344 8th Street, #2 [FSBO] GMAP P*Shark


What's Your Take? Leave a Comment

  1. that was supposed to be 25% LESS than what they paid for them.

    and I meant to say that people move out of the ones with 1 large bedroom and 2 smaller ones when they have kids as well – they don’t stay anymore.

  2. CGfan – I bought one of the 3-bedroom flats in Park Slope like the one you are describing more than 10 years ago (though not on PPW – they are scattered all over, and yes, ones in my building were going for around 450K 10 years ago) so I know what you are saying. But they are bigger and deeper than this one on 8th St., so they always sell for more than ones like this, and are now selling for more a lot more than this one is asking.
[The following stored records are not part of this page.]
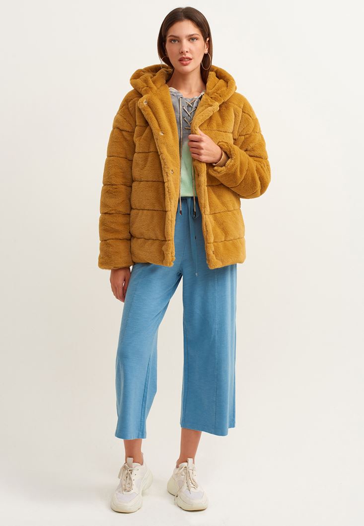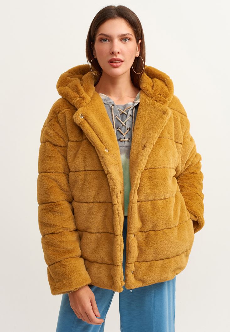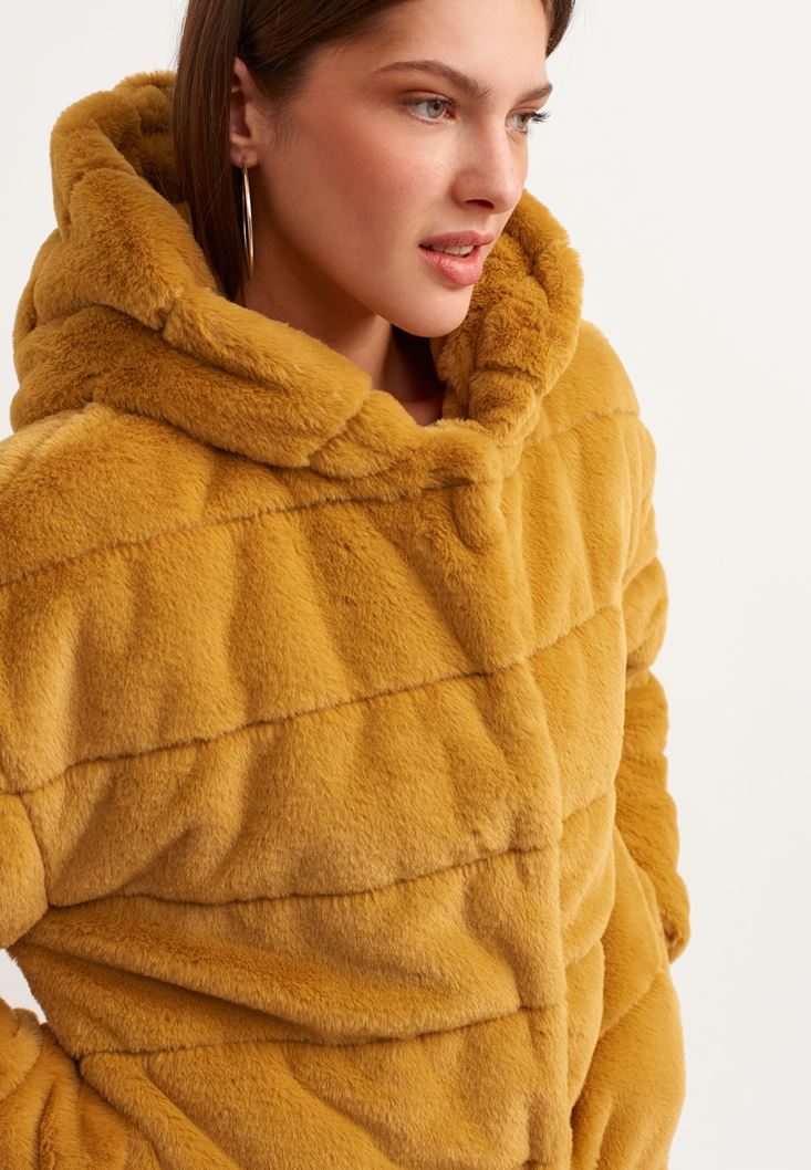 Oxxo Kapüşonlu Vegan Kürk Ceket 2113683853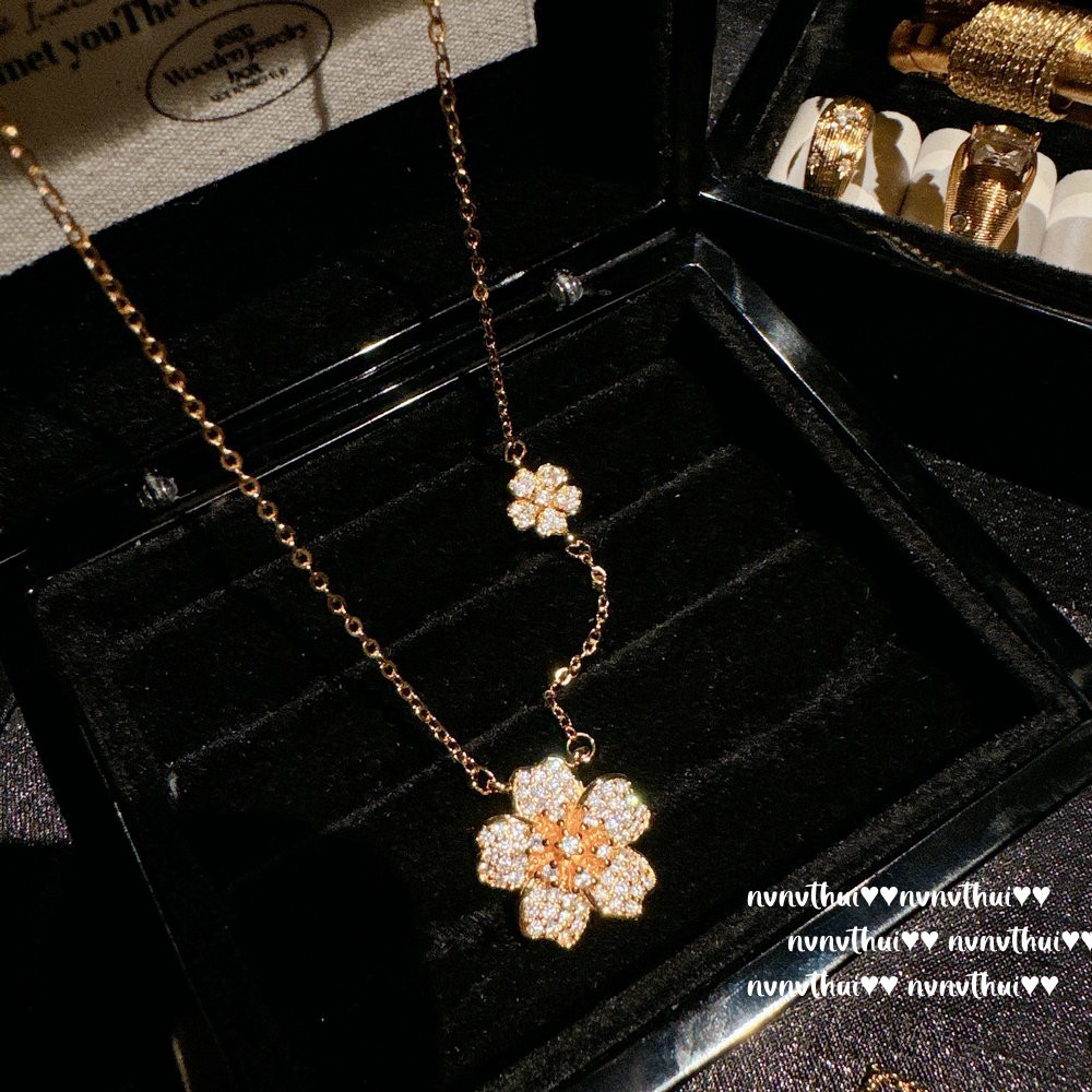 047zz gold-plated flower-like brocade zircon necklace ~ no box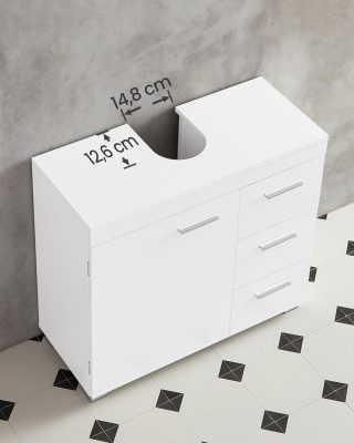 • Kérjük, vegye figyelembe a méreteket: Szifon nyílásának mérete: 20 x 15 cm; szekrény mérete: 30 x 70 x 64 cm (Mé x Szé x Ma). Mérje meg a szifonja és a mosdókagylója méretét, hogy biztosan illeszkedjen ez a fürdőszobai szekrény.

    People who have kids tend to move out of these around the time the second kid arrives (or when the twins are toddlers), often for the suburbs you mention. It would be cheaper to buy in the suburbs first (unless you are just lucky enough to catch a rapidly rising market, as some did between 1997 and 2007), but some people aren’t ready for the burbs yet when the kids are still theoretical.

    I think people used to raise kids to adulthood in these apartments, but as real estate has gotten higher, the neighborhood has gotten much richer, so people have different expectations about space than they did in the 80’s and 90’s (though some who stayed in the 90’s likely did only because they bought in the late 80’s and got stuck, as they couldn’t sell these places for what they bought them for – and were still trying to sell them for 25% than what they paid for them in 1996) – until the market came back to where it has been in the late 80’s, before the downturn, when it started rising in 1997.

  3. Brooklyn is only for the insane right now. I think prices will drop like a stone in the next two to three years.
    Who wants to live in a walk-up French flat and deal with this size mortgage? Most Americans expect far, far, more.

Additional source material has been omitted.